Connecting the Lebanese Diaspora with Lebanon
by Steve Izma
With two generations between us in Canada and our great-grandparents’ lives in Lebanon, my brother Mike and I felt distant from the “old country.” None of our parents’ generation nor anyone of ours had ever travelled to Lebanon, and our knowledge of Arabic goes only as far as naming the food we grew up eating.
So when our friends Frank and Antoin from Canada’s Bruce Trail Association proposed that we hike the Lebanon Mountain Trail with them, it felt like the time had come to leap back to the Middle East. Mike’s wife Marian and my daughter Amelia joined us, and we arrived in Lebanon in late April for a nine-day trip, mostly spent in the mountains.

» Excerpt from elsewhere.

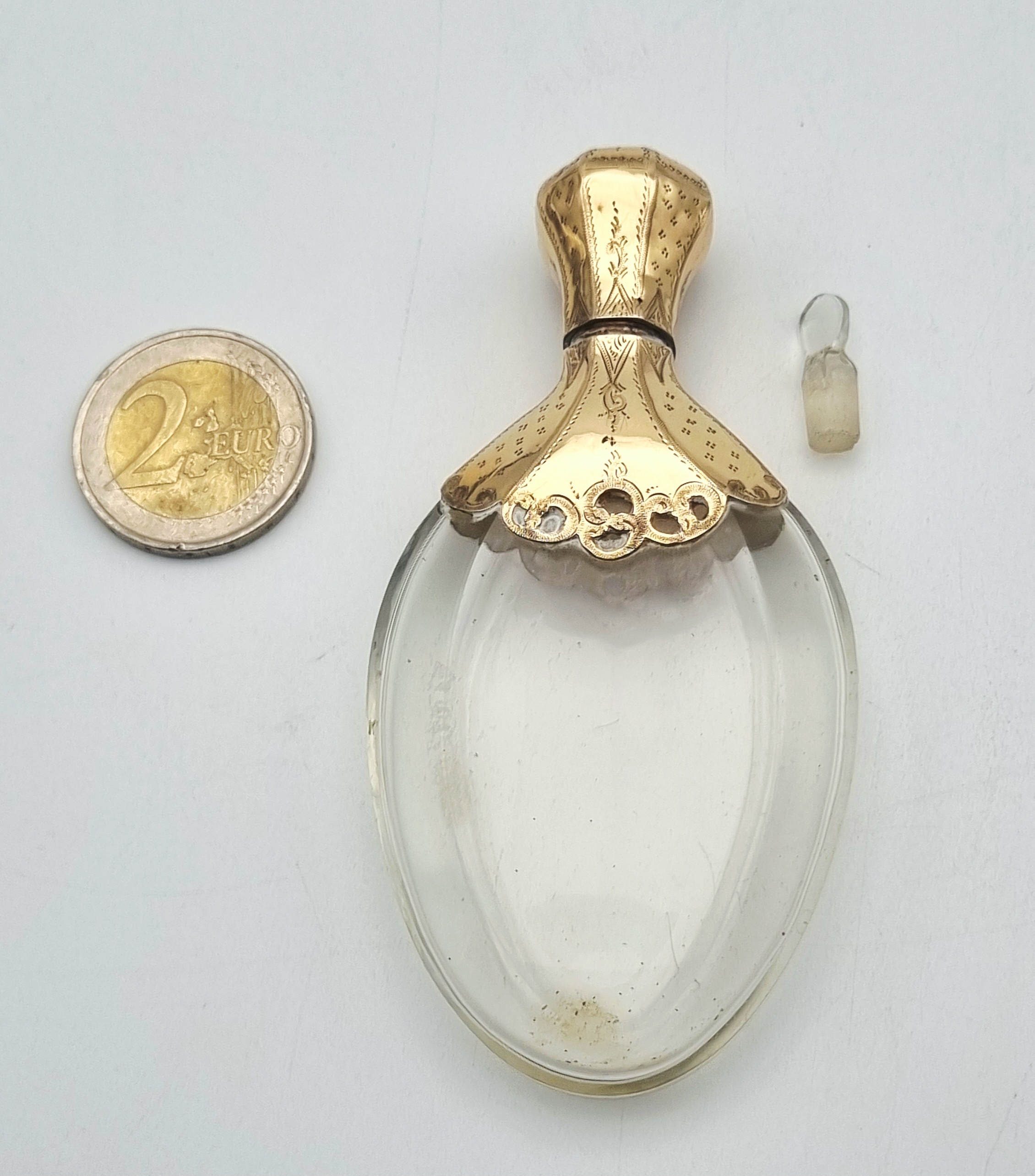 Antiek liggend parfumflesje uit de tweede helft 19e eeuw, Hollandse Biedermeier. Het parfumflesje bestaat uit helder geblazen glas, 14 karaat gouden applicatie en een scharnierende dop van 14 karaats goud. Het goudwerk is gegraveerd en voorzien van een ajour bewerkte kraag. De dop is gemerkt met het Nederlandse eikenbladkeur (1853–1905)., het originele glazen stopje is aanwezig. Jouw kans op dit object begint met registreren – bied live of online mee! |
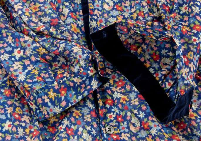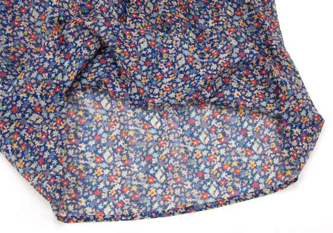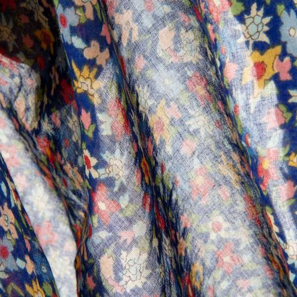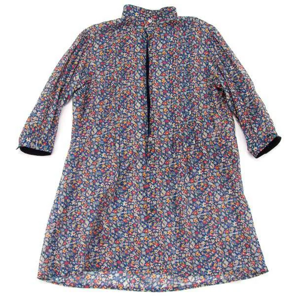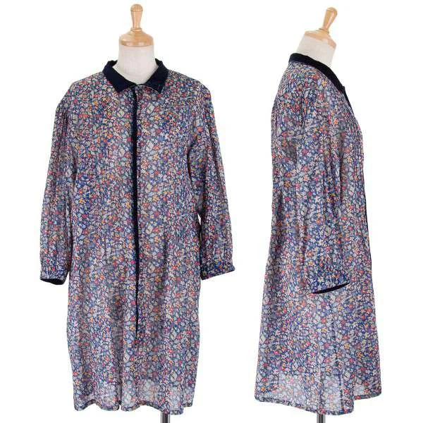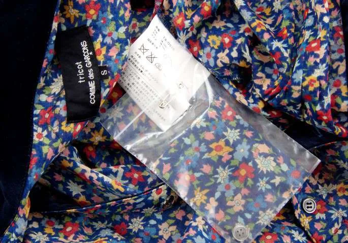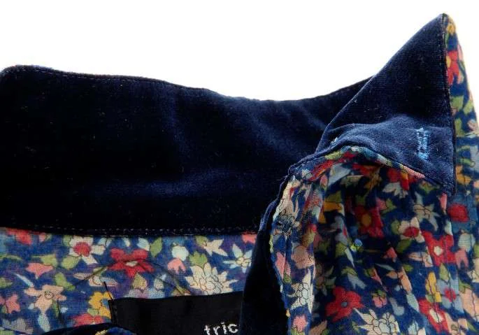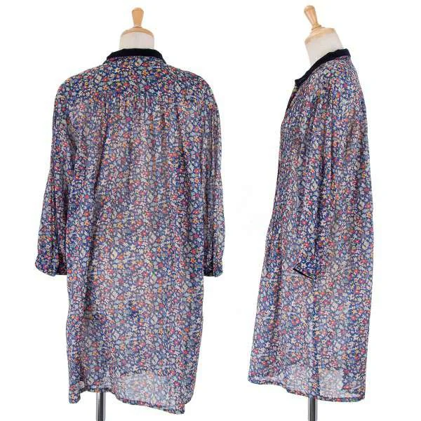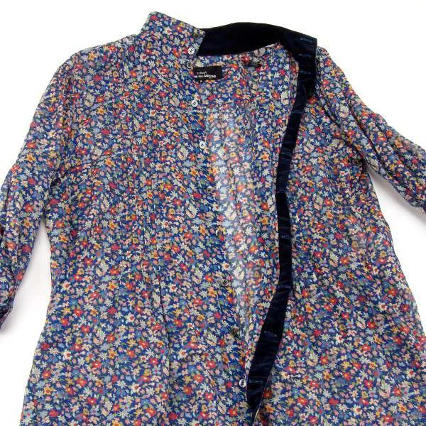 トリコ コムデギャルソンtricot COMME des GARCONS べロアテープ花柄シフォンチュニック 青系S

Fortunately for us our unfamiliarity with the country didn’t pose a barrier. We contacted Gilbert Moukheiber of 33 North, who arranged all our accommodations, meals, and travel within Lebanon. He laid out a route that included hikes on various parts of the Lebanon Mountain Trail, such as where it traversed the Shouf Cedar Preserve, the Qadisha Valley, and the Horsh Ehden Nature Reserve. In the areas around Bkassine and the section between Jezzine and Aitanit we joined the LMTA north-to-south through-hikers for two of their last few days on the trail.
Our travels in Canada had familiarized us with the wide variety of vegetation across the country’s 5000 kilometres, but the diversity of trees and other vegetation and the sight of flowers in bloom everywhere in such a compressed geographical space made Lebanon a truly unique ecological experience. Up and down the terraced valleys, we were never far from a tree in blossom, and the different levels of altitude meant different stages of tree growth and fruit development.
Along our way we visited many of Lebanon’s historic sites, including Deir el Qamar, Beit ed-Dine, Aanjar, Byblos, numerouse churches and monasteries, the National Museum of Lebanon, the Khalil Gibran museum, and, not to be missed by any visitor to Lebanon, the Roman temples in Baalbek.
In the Horsh Ehden Nature Reserve we joined members of the LMTA to celebrate its relationship with the Bruce Trail Association by planting a cedar tree and hiking along the Bruce Trail friendship section of the Lebanon Mountain Trail.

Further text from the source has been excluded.